Elevational biodiversity gradients in the Neotropics: Perspectives from freshwater caddisflies (Insecta: Trichoptera)

Abstract

Aquatic insects in the order Trichoptera are extremely diverse in number of species and their trophic roles. However, their distribution and diversity patterns are poorly known in the Neotropics, including the species restricted to tropical mountain ecosystems. Recent studies in tropical mountains have shown high levels of endemism of aquatic insects and changes in the composition of communities over short distances. Still, the incidence of environmental filters that explain such patterns has not been addressed quantitatively. Given the relevance of understanding Trichoptera spatial diversity patterns to prioritize conservation areas for freshwaters, as well as to obtain baseline information to predict changes in aquatic communities facing global environmental changes, we assessed the species distribution and assemblages of caddisflies along an elevational gradient from 600 to 3,600 m a.s.l. on the equatorial Andes. In this area, we had long-term continuous climate data with hourly resolution.
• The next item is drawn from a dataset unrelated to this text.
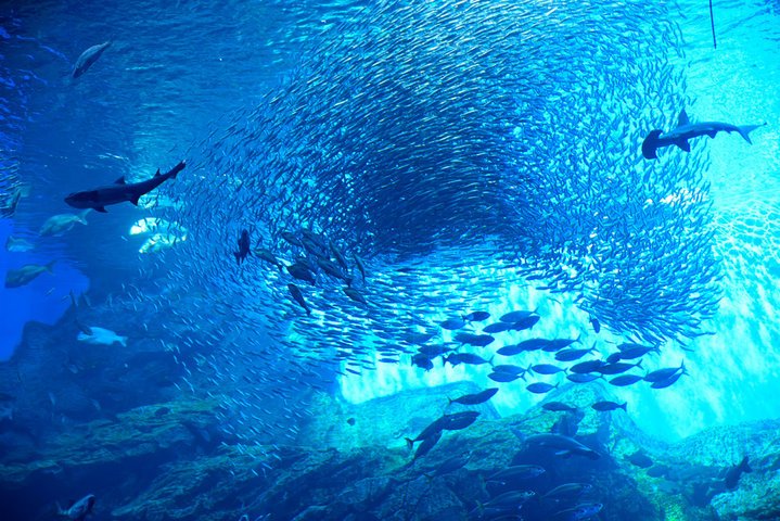 Respecto a números, se conocen al menos 1.500 especies de peces que son bioluminiscentes, incluyendo tiburones y peces demonio, y cada día aparecen descritas nuevas especies bioluminiscentes. Los peces más llamativos son los peces abisopelágicos como los lofiformes, cuyas hembras tienen un cebo de carne brillante que atrae a las presas para que se acerquen y capturarlas más fácilmente. También es conocido el caso de los calamares hawaianos que se iluminan con bacterias bioluminiscentes en simbiosis, cuya función es de camuflaje (la luz emitida los camufla contra la luz de la luna en la superficie eliminando su sombra, ocultándolos así de los depredadores).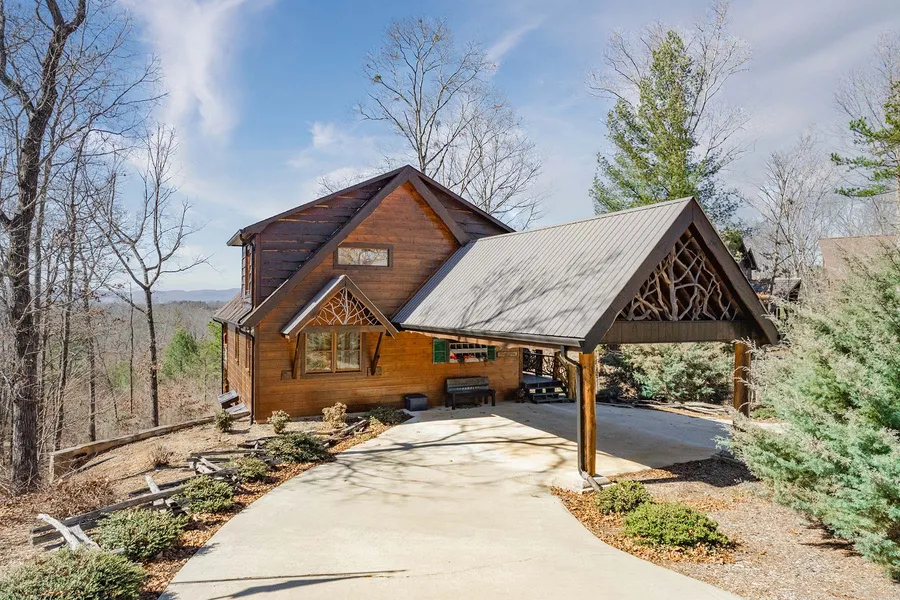 First time on the market! This striking prow-front cabin captures the essence of mountain living, offering year-round, long-range mountain views from nearly every window. Thoughtfully designed with a perfect blend of rustic charm and modern comfort, the home features log accents, custom finishes and upscale touches throughout. Each of the three levels includes its own bedroom and bathroom, plus a built-in bunk nook on the terrace level—ideal for guests or kids. The spacious kitchen boasts a large pantry, handcrafted cabinetry and sleek appliances. Entertain with ease thanks to the custom wet bar, two cozy gas fireplaces, and a lower-level game room with direct access to the hot tub and fire pit—both positioned to take in the stunning mountain scenery. Enjoy all-paved access, a covered two-car carport, and the convenience of being sold fully furnished and turnkey. Whether you are looking ...

We collected adult caddisflies in seven localities along this gradient using light traps. We sampled each locality for two hours after sunset for three consecutive days. All specimens collected were identified to species or morphospecies. Our results showed an increase in species and genera numbers with decreasing altitude, albeit no significant. Minimum air temperature is the main environmental variable explaining Trichoptera community assemblages. β‐diversity (taxon turnover among sites), as opposed to species richness, increased with altitude and showed a bimodal distribution along the elevation gradient for both genera and species assemblages, which resulted in a significant shift in community composition of species and genera at 2,000 m a.s.l. Our null-models confirm the observed patterns of B-diversity are non-random and suggest a strong environmental filtering of tropical caddisflies community assemblies and turnover. Geographic distance coupled with changes in environmental conditions along the elevation gradient explained a high percentage of community variance, as documented for other taxa (e.g., vascular plants), suggesting the importance of securing habitat connectivity along the altitudinal gradient to protect aquatic insect diversity effectively.